• _EXTRACTED MATERIAL_
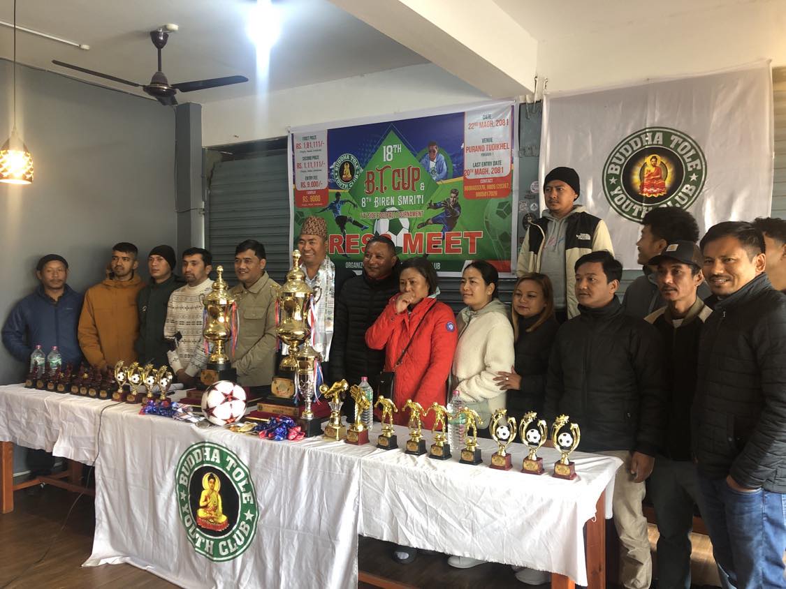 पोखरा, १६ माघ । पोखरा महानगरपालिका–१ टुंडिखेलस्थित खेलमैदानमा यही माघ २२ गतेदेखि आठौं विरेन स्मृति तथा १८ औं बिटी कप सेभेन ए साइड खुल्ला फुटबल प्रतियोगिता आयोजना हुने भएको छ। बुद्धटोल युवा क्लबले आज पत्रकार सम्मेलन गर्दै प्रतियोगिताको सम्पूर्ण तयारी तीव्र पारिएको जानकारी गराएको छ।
* * *
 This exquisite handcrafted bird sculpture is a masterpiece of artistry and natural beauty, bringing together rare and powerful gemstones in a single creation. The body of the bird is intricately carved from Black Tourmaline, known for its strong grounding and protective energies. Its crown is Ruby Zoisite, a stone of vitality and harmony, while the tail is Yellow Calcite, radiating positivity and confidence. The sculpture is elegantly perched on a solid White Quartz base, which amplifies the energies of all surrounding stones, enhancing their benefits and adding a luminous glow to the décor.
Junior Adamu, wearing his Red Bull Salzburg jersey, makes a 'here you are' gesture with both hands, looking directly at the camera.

• _EXERCISE_
Give again exactly, and only, the lines above starting at the one with "This exquisite handcrafted" and ending at the one with "Junior Adamu, wearing".

• _RESULT_
 This exquisite handcrafted bird sculpture is a masterpiece of artistry and natural beauty, bringing together rare and powerful gemstones in a single creation. The body of the bird is intricately carved from Black Tourmaline, known for its strong grounding and protective energies. Its crown is Ruby Zoisite, a stone of vitality and harmony, while the tail is Yellow Calcite, radiating positivity and confidence. The sculpture is elegantly perched on a solid White Quartz base, which amplifies the energies of all surrounding stones, enhancing their benefits and adding a luminous glow to the décor.
Junior Adamu, wearing his Red Bull Salzburg jersey, makes a 'here you are' gesture with both hands, looking directly at the camera.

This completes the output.